**THE PROBLEM**
Leave out the pictures and set down the rest of the listing below word for word.

======== DATA EXCERPT ========

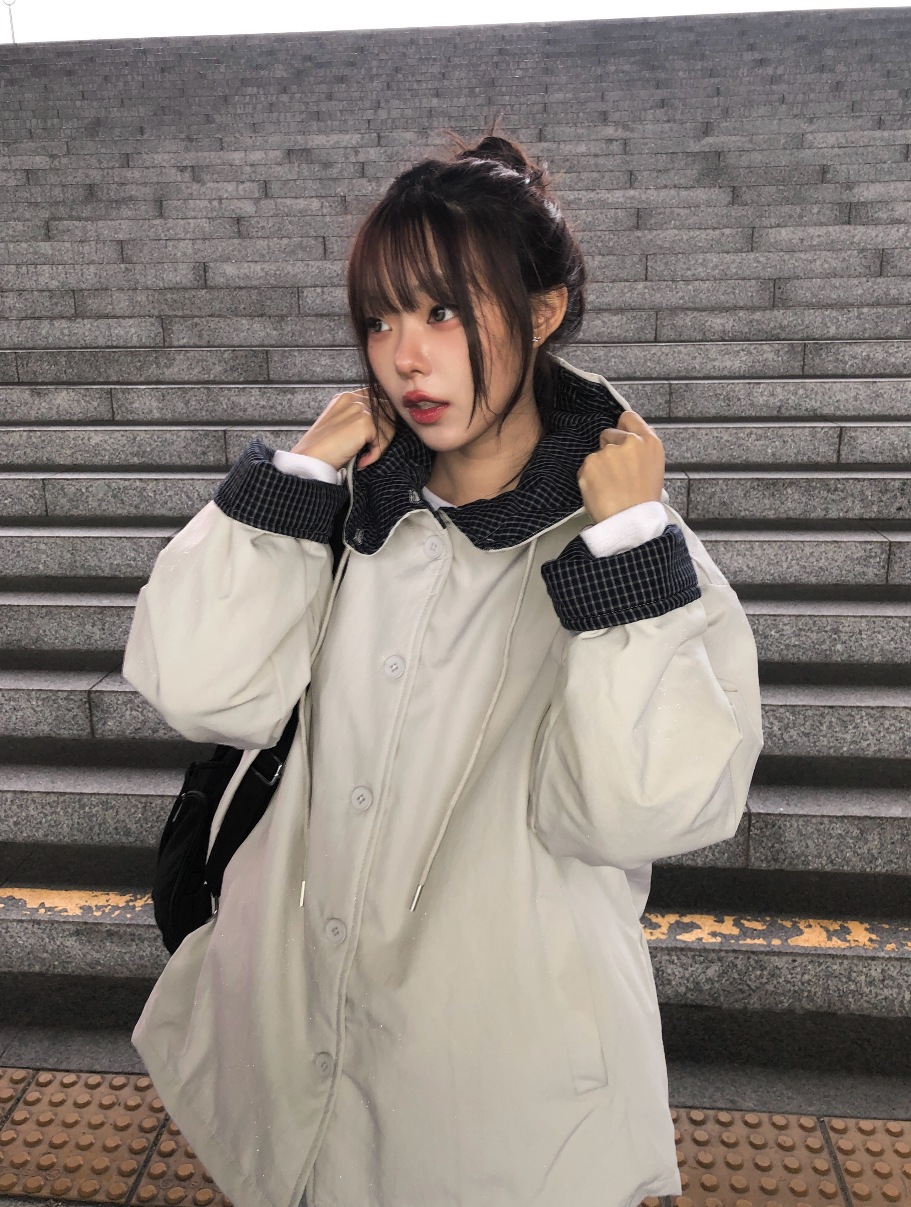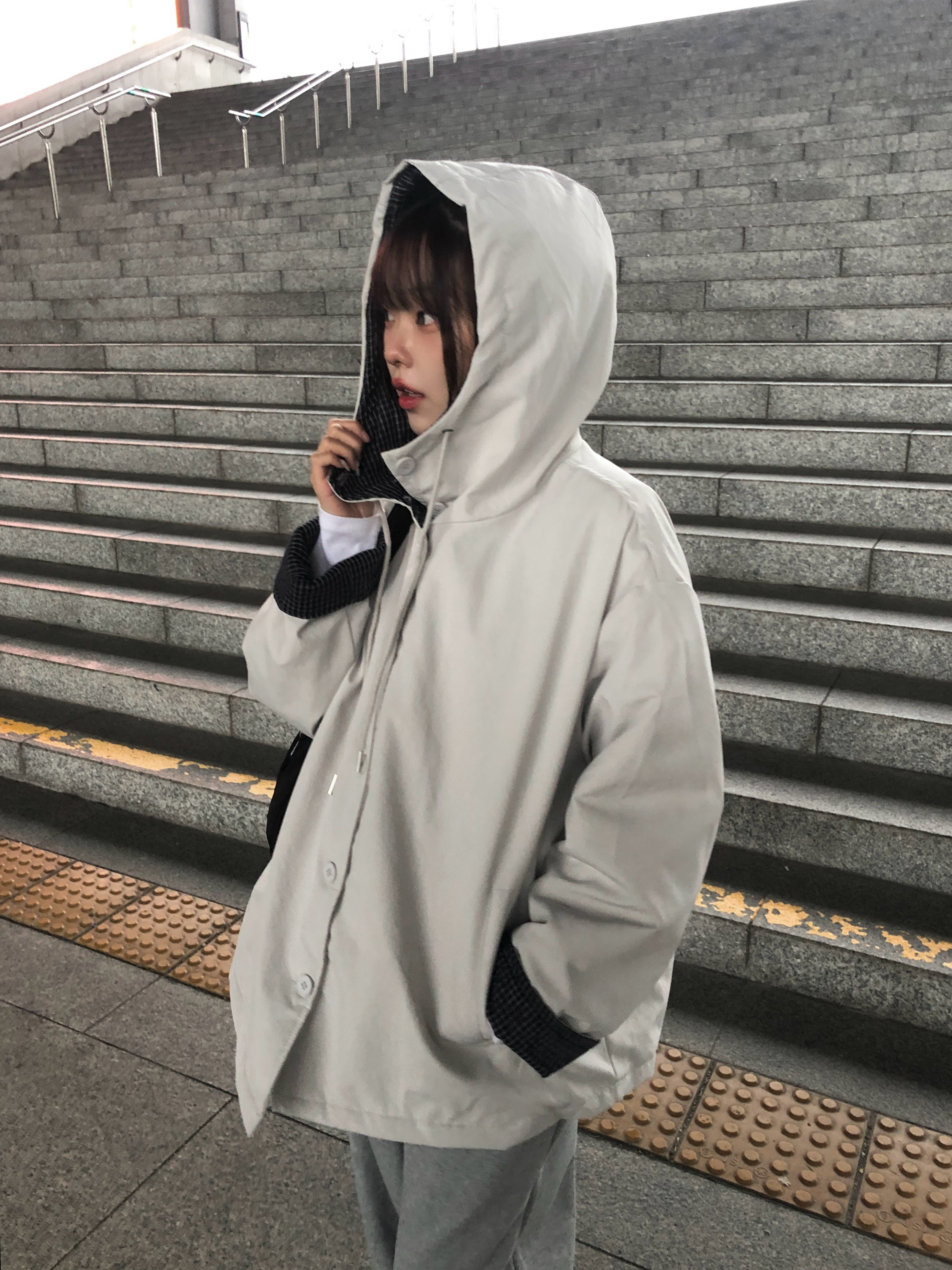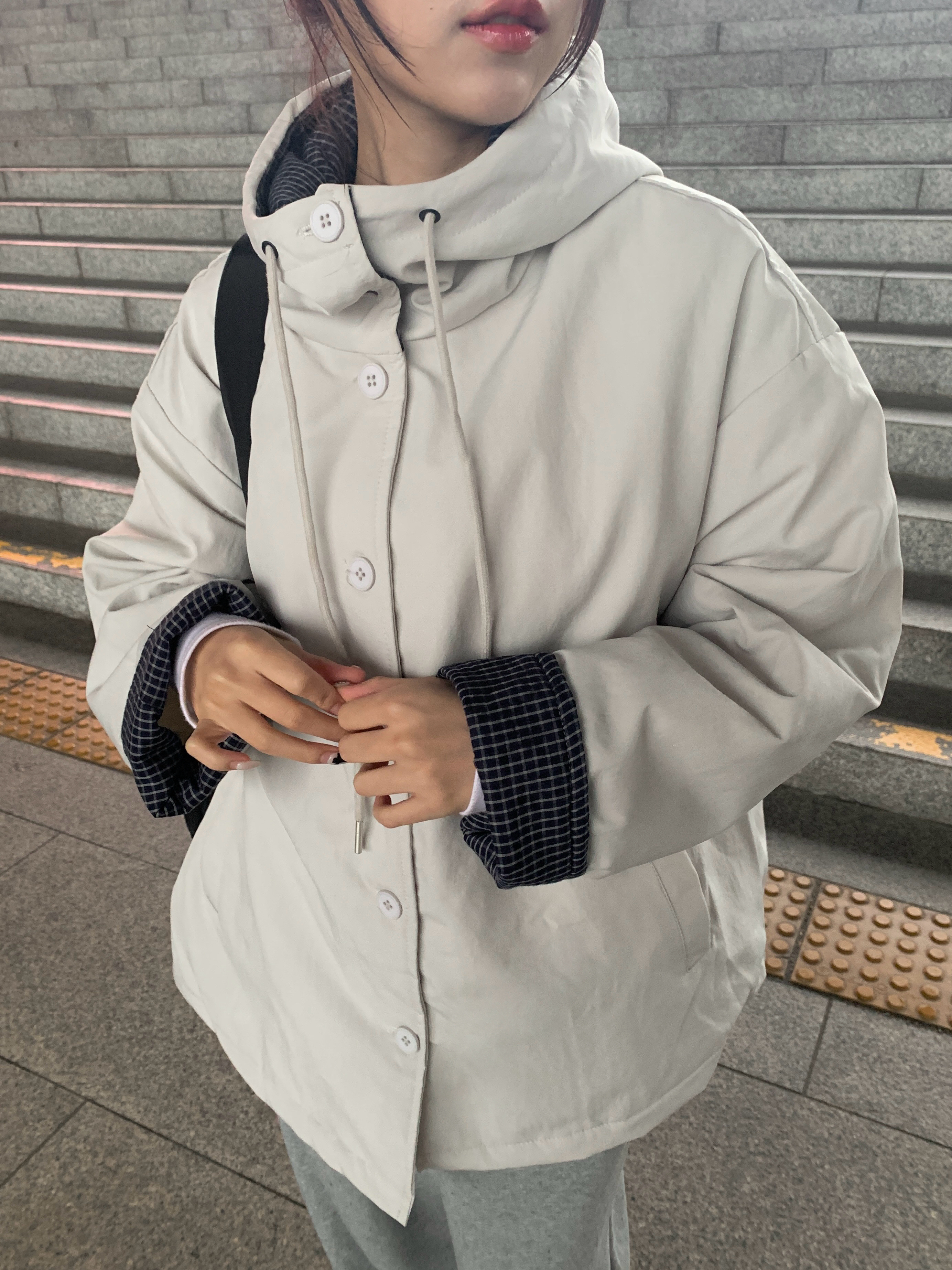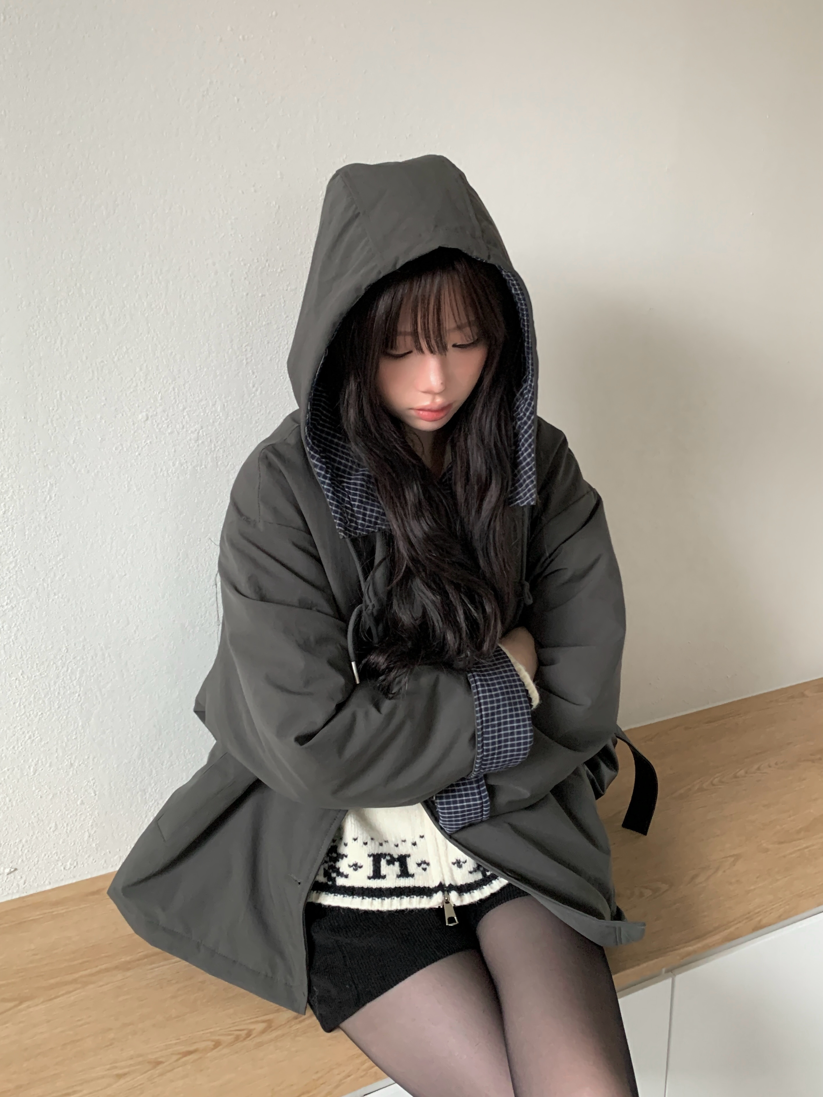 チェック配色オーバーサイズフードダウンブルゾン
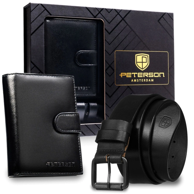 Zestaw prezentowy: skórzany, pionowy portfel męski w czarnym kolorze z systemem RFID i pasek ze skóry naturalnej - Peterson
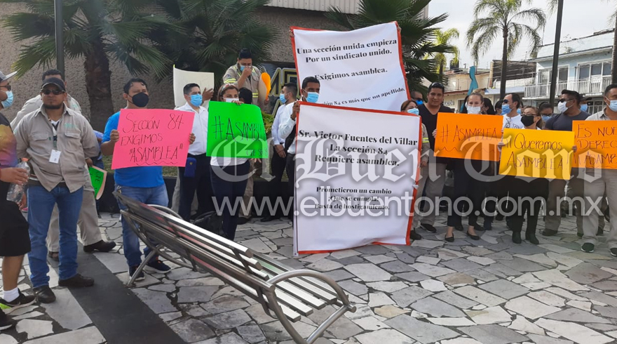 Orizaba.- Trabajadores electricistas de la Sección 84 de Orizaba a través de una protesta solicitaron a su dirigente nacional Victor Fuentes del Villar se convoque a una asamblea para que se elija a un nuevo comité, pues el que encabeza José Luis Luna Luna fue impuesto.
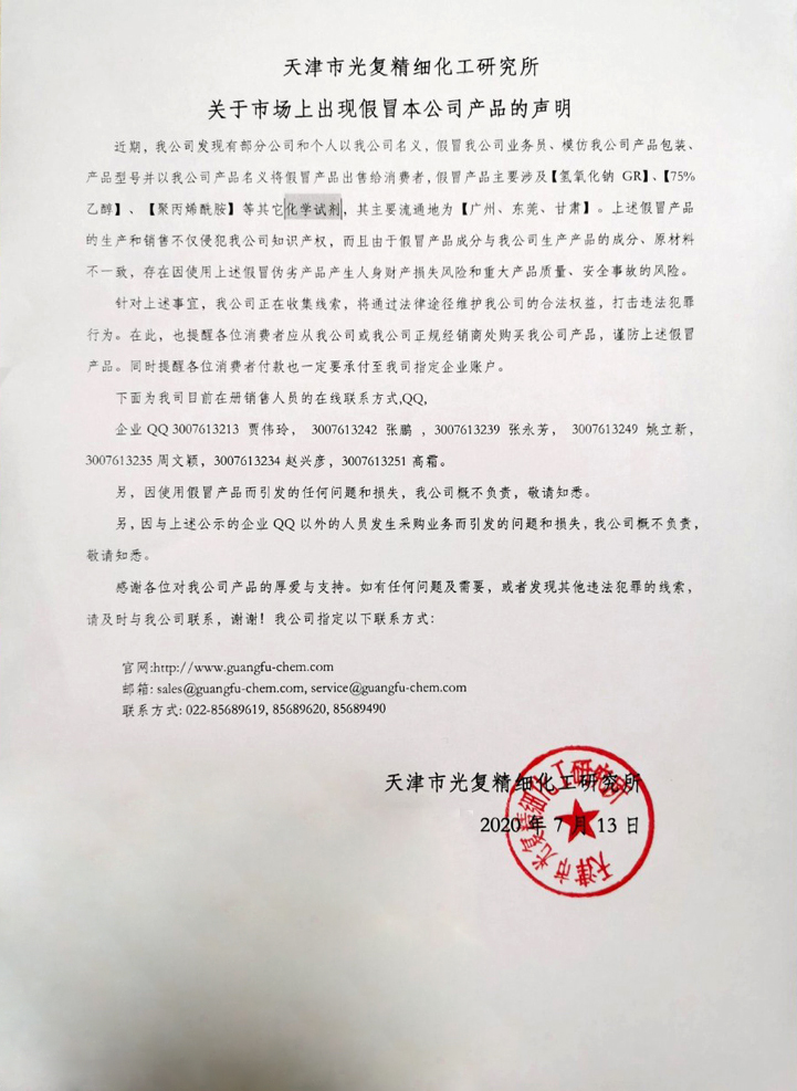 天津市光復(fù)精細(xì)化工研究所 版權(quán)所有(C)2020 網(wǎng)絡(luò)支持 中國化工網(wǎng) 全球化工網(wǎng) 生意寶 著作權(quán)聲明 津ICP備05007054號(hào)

========

**RESULT FOR THIS TASK**
 チェック配色オーバーサイズフードダウンブルゾン
 Zestaw prezentowy: skórzany, pionowy portfel męski w czarnym kolorze z systemem RFID i pasek ze skóry naturalnej - Peterson
 Orizaba.- Trabajadores electricistas de la Sección 84 de Orizaba a través de una protesta solicitaron a su dirigente nacional Victor Fuentes del Villar se convoque a una asamblea para que se elija a un nuevo comité, pues el que encabeza José Luis Luna Luna fue impuesto.
 天津市光復(fù)精細(xì)化工研究所 版權(quán)所有(C)2020 網(wǎng)絡(luò)支持 中國化工網(wǎng) 全球化工網(wǎng) 生意寶 著作權(quán)聲明 津ICP備05007054號(hào)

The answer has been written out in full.